Sawaya ME, Honig LS, Hsia SL.
Sebaceous glands were isolated by manual dissection under a microscope from surgical specimens of scalp skin with male pattern baldness and skin specimens of hairy and bald scalp obtained at autopsy. The 800 X g pellet (nuclear fraction) and the 164,000 X g supernatant fraction (cytosol) of homogenates of the sebaceous glands were used for measurements of androgen binding characteristics, using dextran-coated charcoal and sucrose gradient methods.
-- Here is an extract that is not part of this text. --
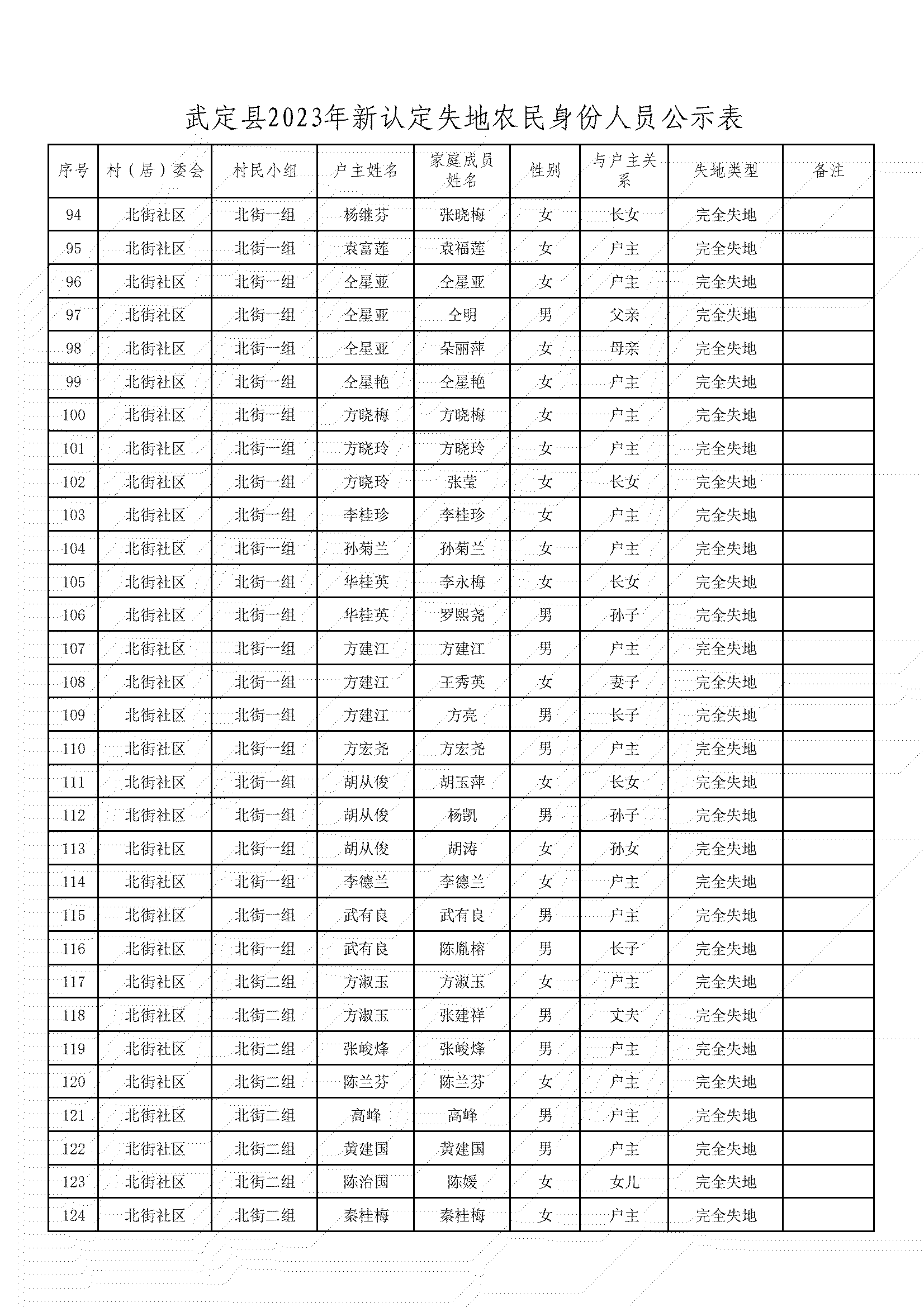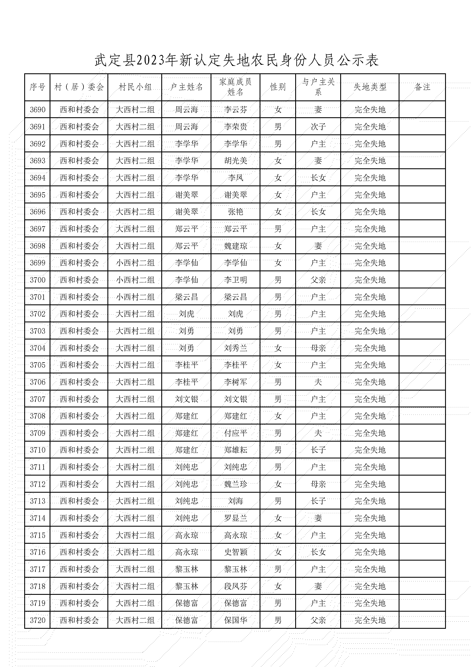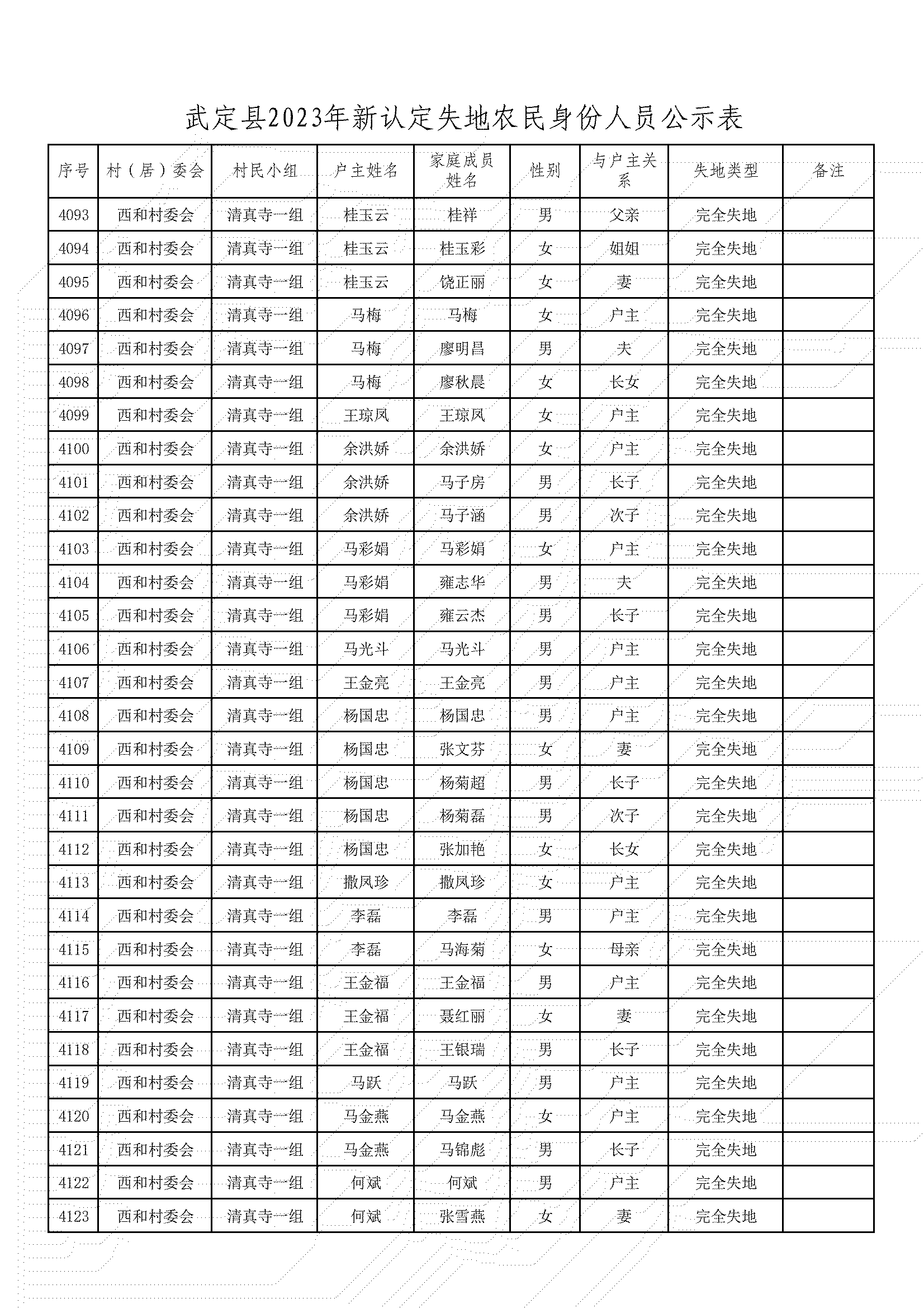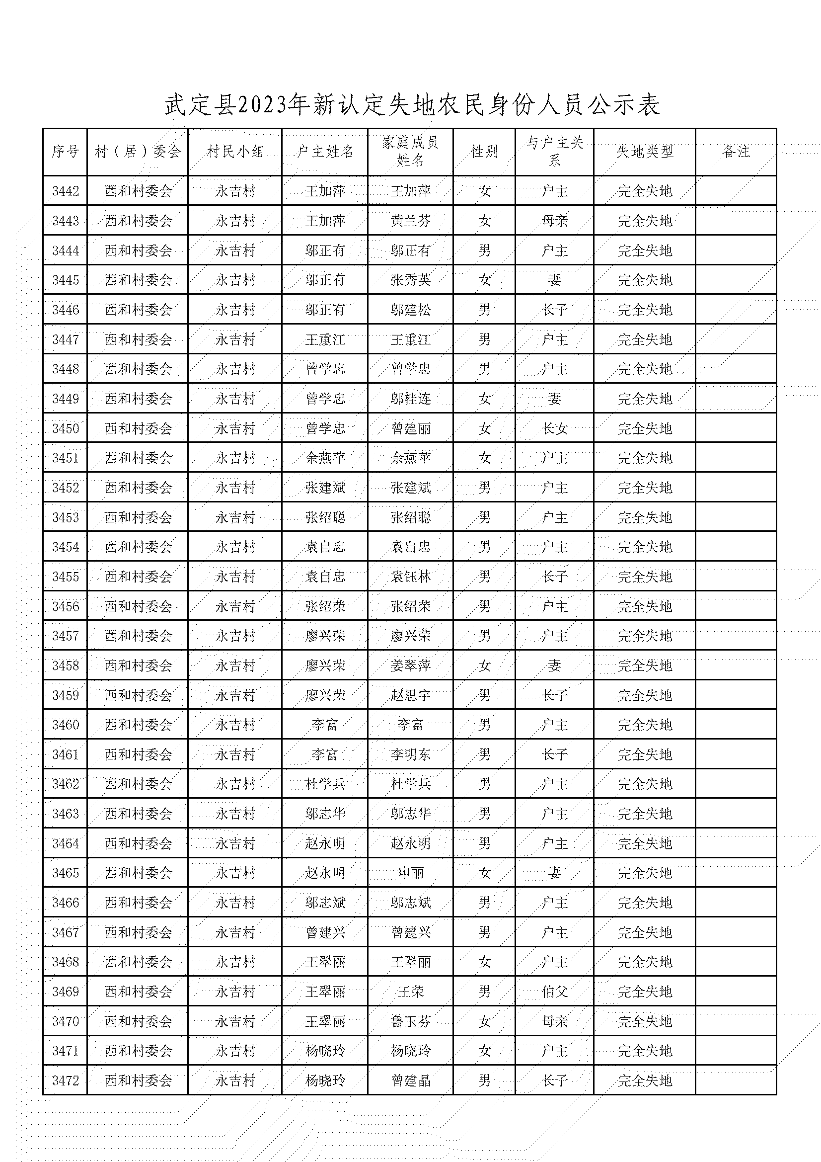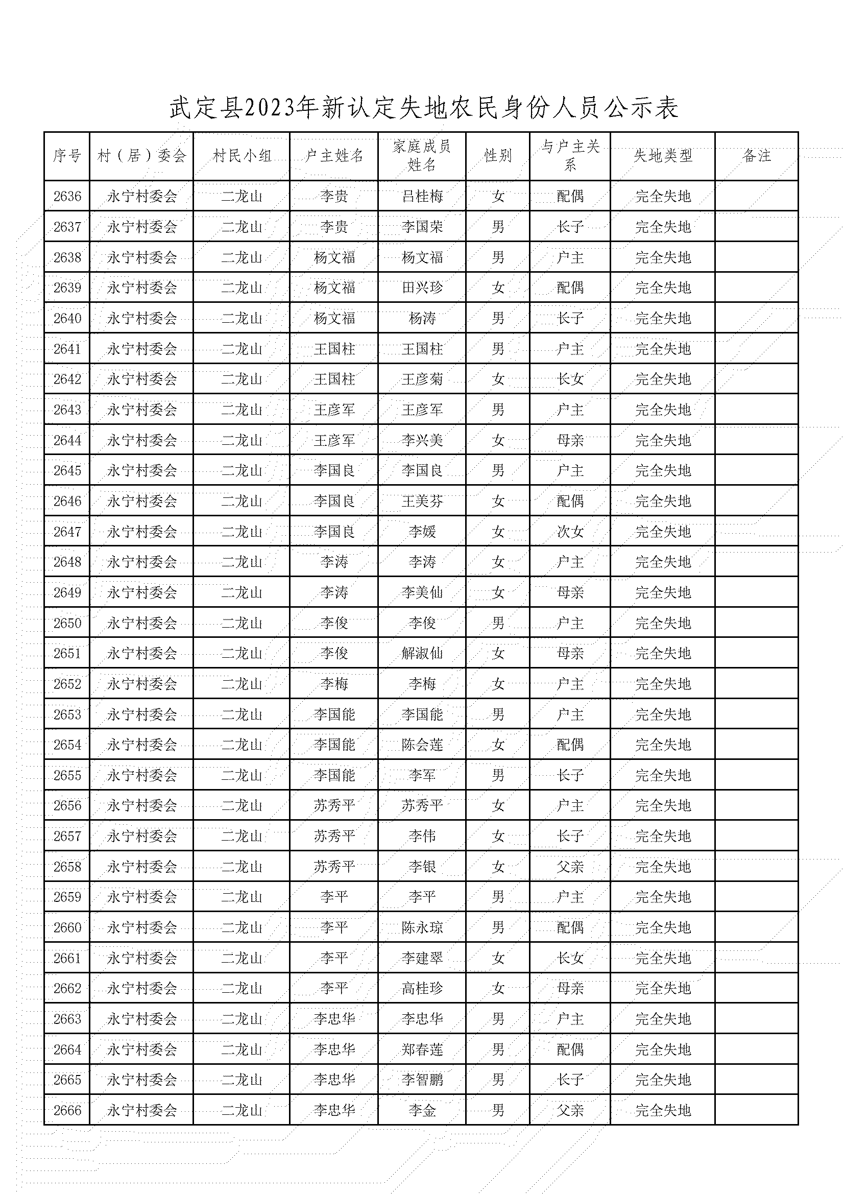 根据《武定县人民政府办公室印发武定县改革完善被征地农民基本养老保障工作实施办法的通知》(武政办发〔2020〕6号)文件精神,经村(居)委会、狮山镇、县公安局、县自然资源局、县农业农村局、县人社局对被征地农民土地征收、户籍人口、参加基本养老保险等情况进行审核,现将2023年符合认定为被征地农民身份的人员予以公示,接受社会监督。公示期从2023年12月18日至2023年12月22日,共5天。公示期间,如对公示对象有异议,请向武定县人力资源和社会保障局社会保险中心反映。

Scatchard plots showed high affinity binding for [3H]dihydrotestosterone (DHT) and [3H]methyltrienolone (R1881). Nuclei prepared from bald scalp contained greater total androgen binding capacity than nuclei of hairy scalp, although Kd values of type I binding were similar (0.68 vs 0.56 nM, respectively). On sucrose gradient, the binding protein from cytosol was found in the 7 to 8S density range. Androgen binding by cytosol of sebaceous glands of hairy scalp had Kd of 1.89 +/- .79 and 2.05 +/- .56 nM for DHT and R1881, respectively, and Bmax of 18.7 +/- 4.4 and 20.0 +/- 4.6 fmol/mg protein for DHT and R1881, respectively. Cytosol from sebaceous glands of bald scalp had Kd values approximately half those of hairy scalp, and Bmax values 50%-100% higher. The bound 3H labeled DHT and R1881 could be partially displaced by testosterone (40-50%), moxestrol (28-32%), promegestone (19-26%), and delta 4-androstenedione (6-12%), but not by dehydroepiandrosterone.
These data demonstrate the presence of specific androgen binding protein in sebaceous glands, and that sebaceous glands of bald scalp have greater binding affinity and capacity for androgens than those in hairy scalp. This difference may explain the greater androgenic response in androgenic alopecia.